AMR sensors are based on thin magnetic layers in which the resistance varies by a few percent depending on whether the current is perpendicular or parallel relative to the magnetisation. French physicist Albert Fert and his German colleague Peter Grünberg discovered a much larger resistance difference of 50 percent in thin-film structures made up of alternating layers of magnetic and non-magnetic materials. For this Giant Magnetoresistive Effect (GMR), the two researchers received the Nobel Prize in Physics in 2007. The GMR effect is used today in, inter alia, magnetic field sensors and to read data on computer hard drives.
Bilayers of heavy metal and ferromagnet
A GMR structure typically consists of two films of ferromagnetic material, such as iron or cobalt, separated by a non-magnetic layer of copper. If the magnetisation of the iron or cobalt layer is parallel, the structure’s electric resistance is small. If the orientation is anti-parallel, resistance is greater. “We restricted ourselves to two instead of three layers,” explains Gambardella. The researchers’ structure consisted of a thin layer of heavy metal, such as platinum or tantalum, with a thin layer of iron or cobalt above. “The very clever idea for this experiment came from one of our students, Can Onur Avci,” says the ETH professor.

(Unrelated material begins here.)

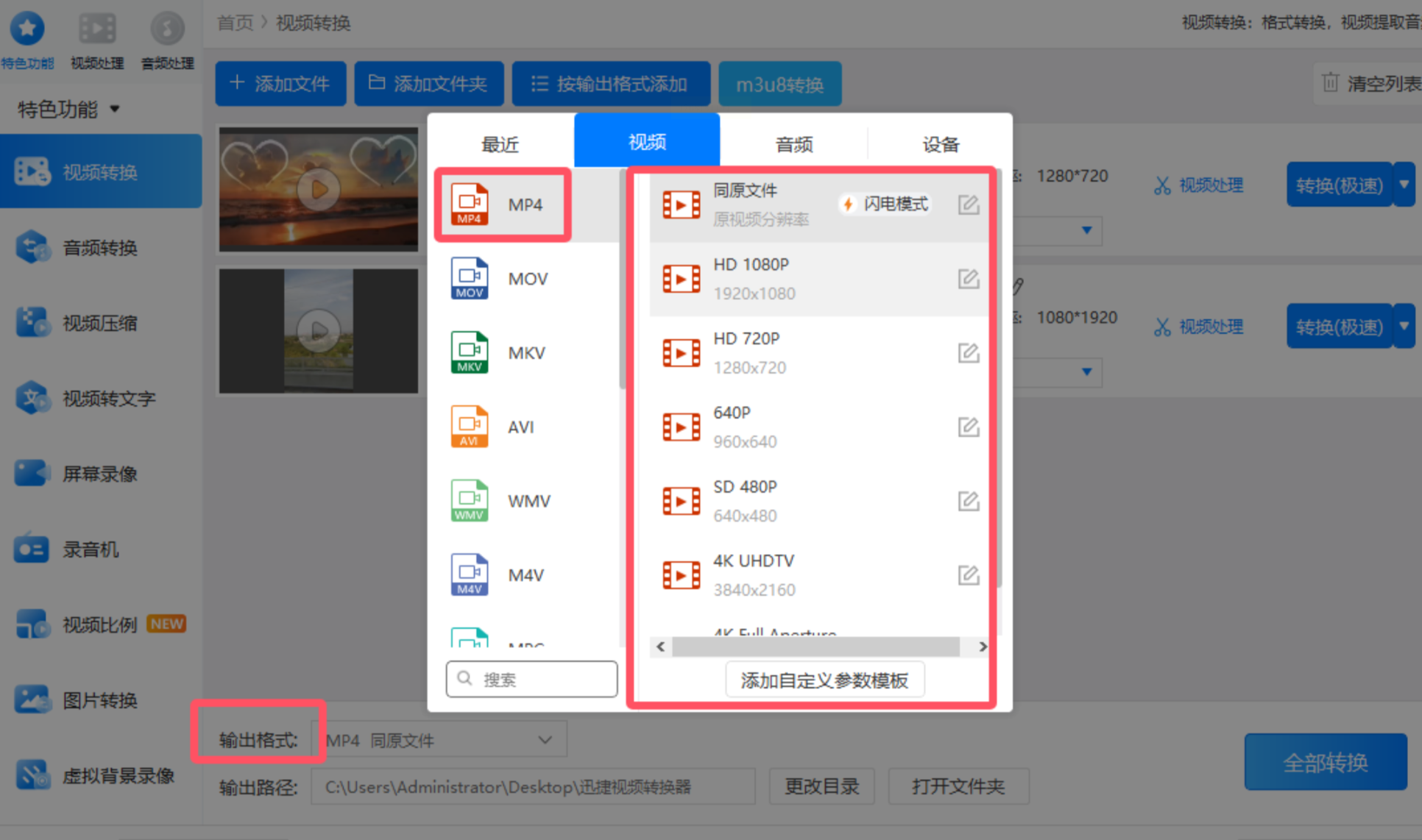 - 格式:选择"MP4",点击"自定义"可设置H.264编码(主流选择)

With their two–layer samples, the researchers measured a normal AMR effect; as expected, the resistance changed according to the magnetisation of the ferromagnets. Surprisingly, however, they also found a new magnetoresistive effect in which the resistance depended on the direction of the electron flow. The samples’ strange behaviour can be explained by the electrons’ magnetic moment – the spin. In heavy metals, electrons with opposite spin are deflected in different directions. Electrons with the same spin direction therefore accumulate at the interface of the platinum or tantalum. But if a layer of iron or cobalt is placed on the heavy metal, the total electrical resistance depends on how the accumulated spin and the magnetisation of the ferromagnetic material are aligned.
Small effect, big hopes
The opposite deflection of the electrons with the opposite spin is called the Spin Hall effect, which is why the ETH researchers dubbed the newly discovered magnetoresistance, which depends on the direction of electron flow, Unidirectional Spin Hall Magnetoresistance. This phenomenon is similar to GMR, according to Gambardella. However, it not only involves a material’s property, but is directly proportional to the amount of current flowing into the material. Nevertheless, ETH researchers warn that expectations should not be set too high: “Our effect is very interesting for basic research, but can’t yet be used in a practical way.” The fractional differences in resistance are much too small.One day, however, customised materials may be produced in which the new magnetoresistance could be used. The researchers are thinking of semiconductors or topological insulators in which the electrons are confined at the interface of different material components and may present amplified magnetoresistances. Spintronics is the name of the field of research that flourished after the discovery of the GMR effect. Advances in this area have applications for the storage and processing of digital information, for example by storing and processing information not only based on charges but also on the spin.